Syl. Pt. 6, Toler v. Shelton, 157 W. Va. 778, 204 S.E.2d 85 (1974); accord Syl. Pt. 2, Foster v. Good Shepherd Interfaith Volunteer Caregivers, Inc., 202 W.Va. 81, 502 S.E.2d 178, (1998).

        With the above-mentioned standard of review in mind, this Court agrees with the Respondent BOC's contention that if the November 4, 1998, order had been a final order, the circuit court had the authority to vacate the order pursuant to Rule 60(b)(6). There existed a very good “reason justifying relief from the operation of the judgment.” W. Va. R. Civ. P. 60(b)(6). That reason was that the circuit court entered the order granting the Petitioner an additional $1,000,000 in insurance coverage without first determining whether the settlement agreement under which the Petitioner was to receive the additional money even existed. This “reason justifying relief from the operation of the judgment” is well- supported by this Court's decision in Consolidation Coal, wherein all we definitely determined was the amount of coverage available to the Petitioner under the BOC policy. W. Va. R. Civ. P. 60(b)(6); see Consolidation Coal, 203 W. Va. at 393, 508 S.E.2d at 110 (concluding that “the circuit court erred by finding that the insurance policy provided only $1,000,000 in coverage, instead of $2,000,000 in coverage”).

    B.

        Having resolved the first issue, we easily dispense with the issue of whether the Petitioner is entitled to either a writ of mandamus and/or prohibition. "A writ of mandamus will not issue unless three elements coexist--(1) a clear legal right in the petitioner to the relief sought; (2) a legal duty on the part of respondent to do the thing which the petitioner seeks to compel; and (3) the absence of another adequate remedy." Syl. Pt. 2, State ex rel. Kucera v. City of Wheeling, 153 W.Va. 538, 170 S.E.2d 367 (1969).

        Further,
            [i]n determining whether to entertain and issue the writ of prohibition for cases not involving an absence of jurisdiction but only where it is claimed that the lower tribunal exceeded its legitimate powers, this Court will examine five factors: (1) whether the party seeking the writ has no other adequate means, such as direct appeal, to obtain the desired relief; (2) whether the petitioner will be damaged or prejudiced in a way that is not correctable on appeal; (3) whether the lower tribunal's order is clearly erroneous as a matter of law; (4) whether the lower tribunal's order is an oft repeated error or manifests persistent disregard for either procedural or substantive law; and (5) whether the lower tribunal's order raises new and important problems or issues of law of first impression. These factors are general guidelines that serve as a useful starting point for determining whether a discretionary writ of prohibition should issue. Although all five factors need not be satisfied, it is clear that the third factor, the existence of clear error as a matter of law, should be given substantial weight.
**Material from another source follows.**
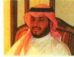
فهد بن عبد الله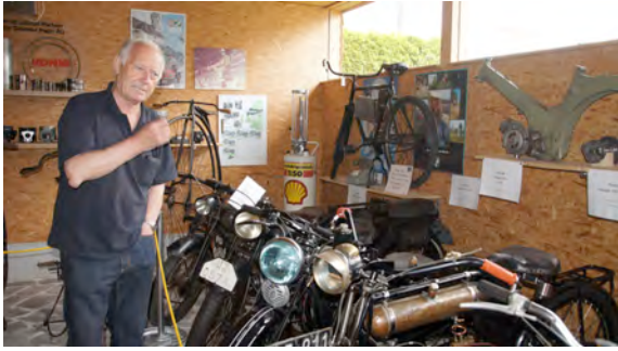
Tag der offenen Sammlungen, Motorradmuseum,

Syl. Pt. 4, State ex rel. Hoover v. Berger, 199 W. Va. 12, 483 S.E.2d 12 (1996).


        Applying the factors necessary for a writ of mandamus and prohibition to the instant case, it is evident that the Petitioner has failed to meet its burden. The circuit court has not made a decision which contradicts the Court's mandate in Consolidation Coal. All the circuit court did was to properly correct an order that was prematurely entered. In vacating the November 4, 1998, order, the circuit court has not erred as a matter of law. The circuit court simply acknowledge through its April 1, 1999, order and April 8, 1999, order that factual development was necessary prior to the entry of any final orders. Consequently, after the factual development occurs, another adequate remedy in the nature of a direct appeal exists. Because another adequate remedy exists and because the lower court has not erred as a matter of law in its rulings since remand, neither a writ of mandamus nor a writ of prohibition should issue.
        Based on the foregoing, we deny the writ of prohibition and/or mandamus.

Writ denied.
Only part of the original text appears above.